In the 1970s, when President Richard Nixon was seeking reelection, he said of then–Fed Chairman Arthur Burns: “I respect his independence. However, I hope that independently he will conclude that my views are the ones that should be followed.”
Chairman Burns proceeded to follow the not-so-subtle hint, which in turn led to a period of stagflation—a possibility which still keeps the likes of JPMorgan CEO Jamie Dimon awake at night.
The Fed and democracy
In Trump’s continued baiting of the Fed, it might seem that any response from Chairman Powell is a bite.
But the Fed boss—and his peers—are aware that they are ultimately accountable to the public. Outright ignoring Uncle Sam’s democratically elected leader may not be the best way to demonstrate this.
The “elected vs. appointed” argument is one Vice President JD Vance has made himself—while conveniently overlooking the fact that President Trump brought in Powell in his first administration.
Vance told CNN’s Dana Bash last summer: “Agree or disagree, we should have America’s elected leaders having input about the most important decisions confronting the country.
“It would be a huge change, but whether the country goes to war, what our interest rates are, these are important questions that American democracy should have important answers for.”
Public accountability is a topic Fortune has put to multiple Fed presidents.
The leader of the Federal Reserve Bank of Chicago, Austan Goolsbee, explained: “Central banks should be held accountable for their actions. And they are. The evidence of what happened during the COVID times, in my view, [is that] there’s a lot of public accountability on the central banks—not just in the United States but everywhere—and that’s totally fine.
“That’s a completely different issue than: ‘Do elections drive monetary policy decisions?’”
Likewise Boston Fed President Susan Collins highlighted the fundamental target of her work is to improve the lives of American households. She told Fortune: “It’s important for people to understand the role of the FOMC or monetary policy at the Federal Reserve because of the importance of price stability and maximum employment for people’s everyday lives.
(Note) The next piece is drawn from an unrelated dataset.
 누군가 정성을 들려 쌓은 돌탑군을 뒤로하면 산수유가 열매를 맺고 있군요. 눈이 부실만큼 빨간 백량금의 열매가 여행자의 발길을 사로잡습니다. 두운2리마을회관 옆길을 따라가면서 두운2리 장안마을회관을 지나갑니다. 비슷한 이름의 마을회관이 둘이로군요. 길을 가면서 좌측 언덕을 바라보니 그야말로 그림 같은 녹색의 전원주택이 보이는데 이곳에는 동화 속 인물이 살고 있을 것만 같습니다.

“It impacts individuals and their families and the communities that they live in. It impacts micro firms [and] individual entrepreneurs all the way up to our global multinational corporations. In order to have an environment that sustains rising living standards for our citizens, sustaining a low stable inflation and an environment with maximum employment really matters for all of us.
“That is what the FOMC is charged by Congress to do. That’s our job.”
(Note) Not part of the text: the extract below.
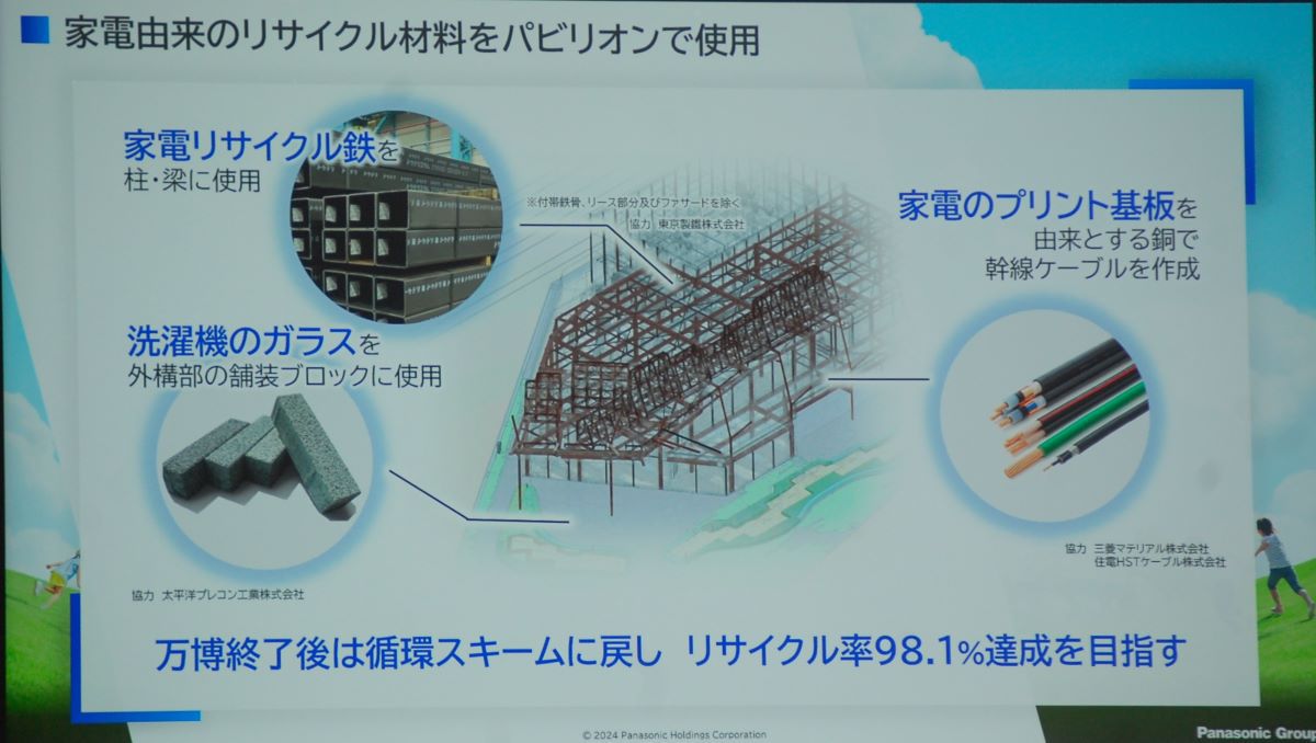 パビリオンの建築にはまた、家電由来のリサイクル材料が使用される。柱と梁には家電をリサイクルした鉄を98%使用。外構部の舗装ブロックには洗濯機のリサイクルガラス。幹線ケーブルで使用する銅はほぼすべてが、使用済み家電のプリント基板からとれる銅を原料としたリサイクル銅線だ。万博終了後は循環スキームに戻し、博覧会協会が目標とするリサイクル率98.1%達成を目指す。

Indeed Powell said he and his FOMC peers would be seeking “new ideas and critical feedback” from the public this year especially, as the group holds its five-year review of its monetary policy strategy.
“Our review will again include outreach and public events involving a wide range of parties, including Fed Listens events around the country and a research conference in May,” Powell said on Jan. 29 in his post–Fed meeting press conference.
Don’t spook the markets
Usually the Fed and the Treasury can expect to enjoy a fairly cozy relationship. Weekly breakfast meetings are the standard, Powell told the New York Times DealBook Summit last year—though whether the tradition will be adopted by new Treasury Secretary Scott Bessent remains to be seen.
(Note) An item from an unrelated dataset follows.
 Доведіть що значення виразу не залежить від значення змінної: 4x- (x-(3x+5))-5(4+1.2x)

And while the FOMC may deliberately ignore the behests of Wall Street, it also won’t want to upset the markets to the point of tipping them into a downward spiral—putting both jobs and prices at risk as a result.
Already analysts are hedging their bets on the tension between Trump and Powell. As UBS chief economist Paul Donovan said in an update on Jan. 30: “The idea of a March rate cut was called into question by the tone of the policy decision, and it’s not unreasonable to suppose that a March rate cut would be a higher probability if there were more certainty about the nature of the new administration’s policies.
“There might be a risk ... that over-criticism by Trump might tilt the Fed toward hawkishness in any future close-call decision, in order to prove the Fed’s independence is beyond reproach.”